[Dataset records]
··········

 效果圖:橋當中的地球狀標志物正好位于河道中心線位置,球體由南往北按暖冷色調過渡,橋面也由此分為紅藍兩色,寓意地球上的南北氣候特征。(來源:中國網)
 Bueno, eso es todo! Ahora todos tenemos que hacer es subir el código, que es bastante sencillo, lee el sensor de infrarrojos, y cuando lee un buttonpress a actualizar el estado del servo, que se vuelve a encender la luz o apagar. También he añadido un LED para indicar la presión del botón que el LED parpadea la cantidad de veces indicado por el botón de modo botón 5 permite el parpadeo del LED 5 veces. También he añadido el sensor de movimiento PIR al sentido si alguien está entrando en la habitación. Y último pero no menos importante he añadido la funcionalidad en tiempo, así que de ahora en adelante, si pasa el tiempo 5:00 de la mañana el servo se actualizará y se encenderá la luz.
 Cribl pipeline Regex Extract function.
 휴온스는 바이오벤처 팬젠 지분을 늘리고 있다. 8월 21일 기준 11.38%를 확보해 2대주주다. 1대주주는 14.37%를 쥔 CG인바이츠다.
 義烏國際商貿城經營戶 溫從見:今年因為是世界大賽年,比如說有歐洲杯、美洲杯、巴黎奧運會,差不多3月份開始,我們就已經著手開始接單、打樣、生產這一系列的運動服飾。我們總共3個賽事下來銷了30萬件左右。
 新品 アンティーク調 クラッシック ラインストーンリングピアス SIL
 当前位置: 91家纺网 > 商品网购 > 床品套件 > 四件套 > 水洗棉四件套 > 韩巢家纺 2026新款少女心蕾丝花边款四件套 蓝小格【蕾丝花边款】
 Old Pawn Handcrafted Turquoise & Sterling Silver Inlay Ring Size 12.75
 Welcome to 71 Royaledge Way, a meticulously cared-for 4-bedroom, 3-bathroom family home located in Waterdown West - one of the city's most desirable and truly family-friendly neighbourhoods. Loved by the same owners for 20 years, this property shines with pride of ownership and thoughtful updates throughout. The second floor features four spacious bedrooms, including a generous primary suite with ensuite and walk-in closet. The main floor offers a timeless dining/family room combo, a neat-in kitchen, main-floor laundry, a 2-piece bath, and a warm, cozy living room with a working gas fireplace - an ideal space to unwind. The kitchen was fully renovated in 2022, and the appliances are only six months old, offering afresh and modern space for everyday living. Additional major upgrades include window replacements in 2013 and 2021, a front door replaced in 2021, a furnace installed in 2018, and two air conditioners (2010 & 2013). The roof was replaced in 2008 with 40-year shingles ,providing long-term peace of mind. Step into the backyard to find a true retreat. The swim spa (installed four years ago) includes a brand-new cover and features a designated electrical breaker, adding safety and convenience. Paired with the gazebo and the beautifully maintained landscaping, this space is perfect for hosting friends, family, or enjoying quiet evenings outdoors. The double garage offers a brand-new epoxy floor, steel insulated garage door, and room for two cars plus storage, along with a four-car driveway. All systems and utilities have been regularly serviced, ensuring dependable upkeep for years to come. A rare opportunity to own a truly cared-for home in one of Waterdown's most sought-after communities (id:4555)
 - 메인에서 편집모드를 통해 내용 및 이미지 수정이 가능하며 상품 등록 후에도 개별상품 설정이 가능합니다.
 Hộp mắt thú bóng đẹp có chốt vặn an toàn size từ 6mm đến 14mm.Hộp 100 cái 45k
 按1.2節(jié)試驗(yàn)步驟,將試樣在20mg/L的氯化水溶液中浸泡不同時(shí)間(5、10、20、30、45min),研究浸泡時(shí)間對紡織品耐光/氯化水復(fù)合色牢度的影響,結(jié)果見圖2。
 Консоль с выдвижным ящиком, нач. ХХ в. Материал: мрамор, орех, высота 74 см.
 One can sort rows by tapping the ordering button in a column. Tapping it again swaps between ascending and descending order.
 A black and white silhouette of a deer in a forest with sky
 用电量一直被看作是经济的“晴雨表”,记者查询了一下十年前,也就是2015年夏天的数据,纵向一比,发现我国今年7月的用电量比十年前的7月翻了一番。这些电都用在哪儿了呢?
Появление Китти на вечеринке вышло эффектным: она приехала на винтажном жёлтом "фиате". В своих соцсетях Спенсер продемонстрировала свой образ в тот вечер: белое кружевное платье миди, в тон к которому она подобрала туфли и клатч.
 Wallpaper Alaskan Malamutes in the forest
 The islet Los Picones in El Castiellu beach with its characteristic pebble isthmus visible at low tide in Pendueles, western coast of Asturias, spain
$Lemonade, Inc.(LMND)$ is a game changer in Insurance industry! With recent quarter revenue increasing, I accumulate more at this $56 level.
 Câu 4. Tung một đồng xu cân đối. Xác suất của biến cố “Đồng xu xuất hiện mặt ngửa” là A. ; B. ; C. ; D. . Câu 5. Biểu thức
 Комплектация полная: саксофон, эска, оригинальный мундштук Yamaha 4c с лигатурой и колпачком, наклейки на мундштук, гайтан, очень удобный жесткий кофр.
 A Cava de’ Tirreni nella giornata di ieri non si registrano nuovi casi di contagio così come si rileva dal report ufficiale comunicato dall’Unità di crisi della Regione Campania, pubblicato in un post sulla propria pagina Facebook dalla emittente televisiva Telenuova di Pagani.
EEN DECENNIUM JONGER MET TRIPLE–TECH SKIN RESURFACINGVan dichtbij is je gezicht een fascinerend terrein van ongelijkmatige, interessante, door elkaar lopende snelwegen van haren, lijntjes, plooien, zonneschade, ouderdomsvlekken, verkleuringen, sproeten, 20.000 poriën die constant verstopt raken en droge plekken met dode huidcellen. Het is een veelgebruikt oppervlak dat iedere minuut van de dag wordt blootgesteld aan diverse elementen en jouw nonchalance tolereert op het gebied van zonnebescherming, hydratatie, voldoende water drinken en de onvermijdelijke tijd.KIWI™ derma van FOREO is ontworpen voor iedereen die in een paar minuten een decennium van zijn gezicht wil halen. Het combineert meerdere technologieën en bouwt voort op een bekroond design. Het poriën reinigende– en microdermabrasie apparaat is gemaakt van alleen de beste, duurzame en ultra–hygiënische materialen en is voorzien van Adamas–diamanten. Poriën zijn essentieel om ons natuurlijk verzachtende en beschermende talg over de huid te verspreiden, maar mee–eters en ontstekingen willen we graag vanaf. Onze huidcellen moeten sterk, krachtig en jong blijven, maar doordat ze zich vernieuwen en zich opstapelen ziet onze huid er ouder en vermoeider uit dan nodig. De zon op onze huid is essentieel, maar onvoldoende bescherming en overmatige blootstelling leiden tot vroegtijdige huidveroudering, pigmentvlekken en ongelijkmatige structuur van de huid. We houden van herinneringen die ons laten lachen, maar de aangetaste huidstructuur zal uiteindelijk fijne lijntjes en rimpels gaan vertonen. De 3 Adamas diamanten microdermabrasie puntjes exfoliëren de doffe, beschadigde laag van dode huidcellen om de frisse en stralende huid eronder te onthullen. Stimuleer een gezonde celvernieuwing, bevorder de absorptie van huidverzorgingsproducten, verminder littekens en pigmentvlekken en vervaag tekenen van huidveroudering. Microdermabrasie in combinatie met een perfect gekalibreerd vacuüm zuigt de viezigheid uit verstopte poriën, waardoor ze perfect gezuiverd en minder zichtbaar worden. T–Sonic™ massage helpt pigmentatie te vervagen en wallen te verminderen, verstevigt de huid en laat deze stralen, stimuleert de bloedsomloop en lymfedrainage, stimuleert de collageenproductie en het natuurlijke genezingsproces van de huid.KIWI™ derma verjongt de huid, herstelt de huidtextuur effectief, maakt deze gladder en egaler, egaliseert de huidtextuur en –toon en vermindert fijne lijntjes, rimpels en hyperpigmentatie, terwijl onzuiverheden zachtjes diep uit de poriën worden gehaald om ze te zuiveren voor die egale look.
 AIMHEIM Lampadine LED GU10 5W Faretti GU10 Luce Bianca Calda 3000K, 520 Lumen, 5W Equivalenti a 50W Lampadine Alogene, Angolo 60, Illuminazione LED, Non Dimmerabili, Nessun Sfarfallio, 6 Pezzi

··········

### What the task requires
Retype exactly, and only, the lines above from the one where "휴온스는 바이오벤처 팬젠" occurs up to and including the one where "当前位置: 91家纺网 >" occurs.

### Result below
 휴온스는 바이오벤처 팬젠 지분을 늘리고 있다. 8월 21일 기준 11.38%를 확보해 2대주주다. 1대주주는 14.37%를 쥔 CG인바이츠다.
 義烏國際商貿城經營戶 溫從見:今年因為是世界大賽年,比如說有歐洲杯、美洲杯、巴黎奧運會,差不多3月份開始,我們就已經著手開始接單、打樣、生產這一系列的運動服飾。我們總共3個賽事下來銷了30萬件左右。
 新品 アンティーク調 クラッシック ラインストーンリングピアス SIL
 当前位置: 91家纺网 > 商品网购 > 床品套件 > 四件套 > 水洗棉四件套 > 韩巢家纺 2026新款少女心蕾丝花边款四件套 蓝小格【蕾丝花边款】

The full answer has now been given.